=== Begin Enclosure ===
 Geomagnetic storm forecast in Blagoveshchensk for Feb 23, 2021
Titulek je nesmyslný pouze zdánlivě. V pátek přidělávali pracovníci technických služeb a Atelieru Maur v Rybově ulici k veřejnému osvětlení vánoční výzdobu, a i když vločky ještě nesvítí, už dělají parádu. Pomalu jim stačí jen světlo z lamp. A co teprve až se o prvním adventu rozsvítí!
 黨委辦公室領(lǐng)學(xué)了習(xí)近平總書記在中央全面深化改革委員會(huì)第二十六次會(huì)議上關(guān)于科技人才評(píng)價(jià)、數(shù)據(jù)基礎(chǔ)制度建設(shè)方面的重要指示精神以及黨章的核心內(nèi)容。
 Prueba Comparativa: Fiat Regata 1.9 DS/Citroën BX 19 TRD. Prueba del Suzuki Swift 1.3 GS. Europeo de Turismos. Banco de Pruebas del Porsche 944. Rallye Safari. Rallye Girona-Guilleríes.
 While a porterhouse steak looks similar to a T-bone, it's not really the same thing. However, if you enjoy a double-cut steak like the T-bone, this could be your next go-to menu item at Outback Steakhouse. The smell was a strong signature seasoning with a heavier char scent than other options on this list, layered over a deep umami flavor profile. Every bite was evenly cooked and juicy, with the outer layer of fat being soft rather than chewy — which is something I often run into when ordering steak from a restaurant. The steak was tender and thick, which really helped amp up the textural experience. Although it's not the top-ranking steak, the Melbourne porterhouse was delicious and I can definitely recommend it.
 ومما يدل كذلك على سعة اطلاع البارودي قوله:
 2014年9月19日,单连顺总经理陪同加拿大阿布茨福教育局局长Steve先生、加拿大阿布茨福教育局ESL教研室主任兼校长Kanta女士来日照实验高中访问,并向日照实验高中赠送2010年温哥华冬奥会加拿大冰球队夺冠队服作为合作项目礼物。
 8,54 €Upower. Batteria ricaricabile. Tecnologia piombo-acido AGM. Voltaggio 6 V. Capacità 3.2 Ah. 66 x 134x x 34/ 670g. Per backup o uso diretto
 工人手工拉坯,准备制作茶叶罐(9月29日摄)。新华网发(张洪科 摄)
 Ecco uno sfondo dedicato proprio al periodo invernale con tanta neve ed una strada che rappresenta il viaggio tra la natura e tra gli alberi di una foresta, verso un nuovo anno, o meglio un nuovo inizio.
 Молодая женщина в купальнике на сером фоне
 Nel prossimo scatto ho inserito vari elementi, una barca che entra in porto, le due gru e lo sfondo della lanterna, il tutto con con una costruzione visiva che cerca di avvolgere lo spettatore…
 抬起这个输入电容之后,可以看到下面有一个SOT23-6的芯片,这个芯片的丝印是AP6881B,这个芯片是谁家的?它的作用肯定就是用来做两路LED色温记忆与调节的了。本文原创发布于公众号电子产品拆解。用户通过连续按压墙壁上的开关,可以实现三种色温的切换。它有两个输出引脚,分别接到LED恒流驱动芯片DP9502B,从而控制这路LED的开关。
=== End Enclosure ===
EXERCISE OBJECTIVE: Looking at the entries above, state the number of lines that contain "sfondo" and add nothing more.

SOLUTION TO THE PROBLEM: 2